Denmark: US Now Has Own Cartoon Controversy
Saturday, February 21st, 2009You’ve heard by now of the kerfluffle over the cartoon published earlier this week by the New York Post (reproduced here for your convenience)? Although clearly inspired by the news story of a day before about how police in Connecticut had to shoot down a rampant chimpanzee, some prominent American public figures interpreted it as a reference to President Obama. Al Sharpton (of course) stepped up to call the drawing “troubling at best” and later, at a protest-rally, termed the Post “a racist rag sheet”; famed director Spike Lee announced his own boycott of the paper and called for others to join him.
The Danish press picked up the story as well, or actually their common press agency Ritzau did, since an identically-worded piece ran in Berlingske Tidende and in the religious paper Kristeligt Dagblad. Their take? That the US now has its own cartoon crisis to deal with! That is even in the Berlingske Tidende headline: “USA gets its own cartoon-affair,” and the very first sentences (after the lede) in the common news-piece is “It is not directed against Muslims in this case, but against African-Americans.
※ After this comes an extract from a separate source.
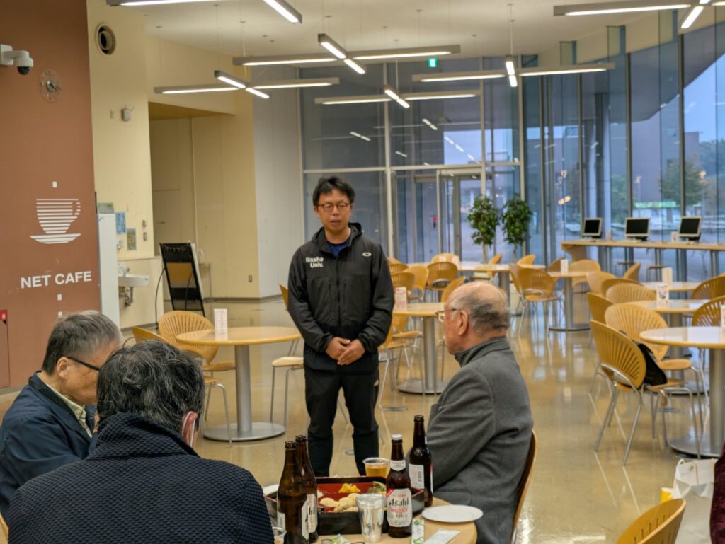 - 懇親会は、キャンパス内のネットカフェにて開催し、陸上競技部駅伝部門の服部監督にもご参加いただき、駅伝部の学生の話などをお聞きして、和やかに楽しい時間を過ごすことが出来ました。

That is what angry black representatives say about a caricature-drawing that was carried yesterday in the tabloid-paper New York Post.” The article then just goes on first to describe the circumstances of the cartoon’s publication and then to list complaints against it along with an (abbreviated) response from Post editor-in-chief Col Allen. Of course, it’s actually doubtful that those “angry black representatives” really included in their statements any caveat about the cartoon not having anything to do with Muslims.